Mass surveillance has already proven to be happening with the NSA and it’s suspected that Britain, Australia and New Zealand are doing the same. They do not have the tools to conduct mass surveillance on communications with regards to phone lines and postal services. The amount of work to record every phone call or letter, add to a database and make it searchable is impossibly great. But it’s not with digital services. That’s the difference.
The tools to wiretap phones and look through mail, was given to police with the explicit understanding that it could only be used on a case by case bases due to the difficulty to scaling surveillance. With the internet, that process can and is automated.
We know governments are already abusing data. Giving the government everything by providing a back door in one form or another is arguably a terrible idea. We know they abuse data and you want to give them encrypted, sensitive data?
And all of this doesn’t matter because any kind of back door is a weak point in security, making any form of encrypted data, susceptible to attack from hackers.

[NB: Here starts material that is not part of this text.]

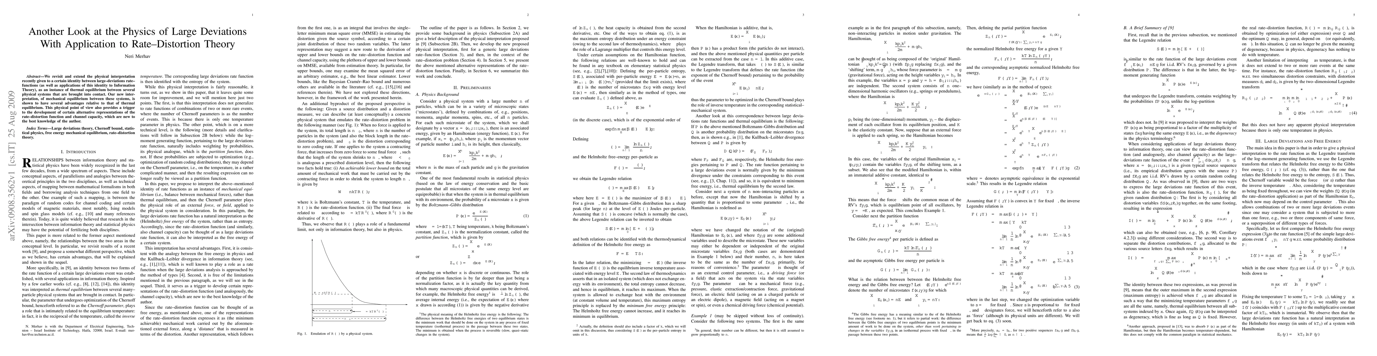 We revisit and extend the physical interpretation recently given to a certain identity between large--deviations rate--functions (as well as applications of this identity to Information Theory), as an instance of thermal equilibrium between several physical systems that are brought into contact. Our new interpretation, of mechanical equilibrium between these systems, is shown to have several advantages relative to that of thermal equilibrium. This physical point of view also provides a trigger to the development of certain alternative representations of the rate--distortion function and channel capacity, which are new to the best knowledge of the author.

The only comment on how this would be implemented is by the Australia government with their bill to try to enforce a client side backdoor (More like a data stream of all data to the government) But as stated after the five eyes conference, these governments have decided that it’s best for the individual governments to decide the best method to approach this. This means that the method our governments want to implement this is up for debate. Which means it’s on topic to discuss different methods of gaining unauthorized access to encrypted data.
That’s like saying that people know crime is bad so they won’t do crime. Just because it goes against the principles of something, doesn’t mean those principles can’t be broken. We are talking about governments wanting to punish organisations for not putting a back door into software of which goes against the principles of encryption in the first place.
Can the process be automated? Yes? then it’s plausible that the government could abuse it with regards to mass surveillance.
Or invest money into TPM’s that make use of government CA certs. Lobby hardware manufacturers into using it. Or force OS companies to add their CA certs to the OS by default. Might take a bit of time with Linux but Windows and OSX would be big targets.
You’re acting as if you have an abundance of answers but you aren’t disproving arguments mentioned, so far it’s been opinions and an attempt to railroad the conversation in a direction you see fit.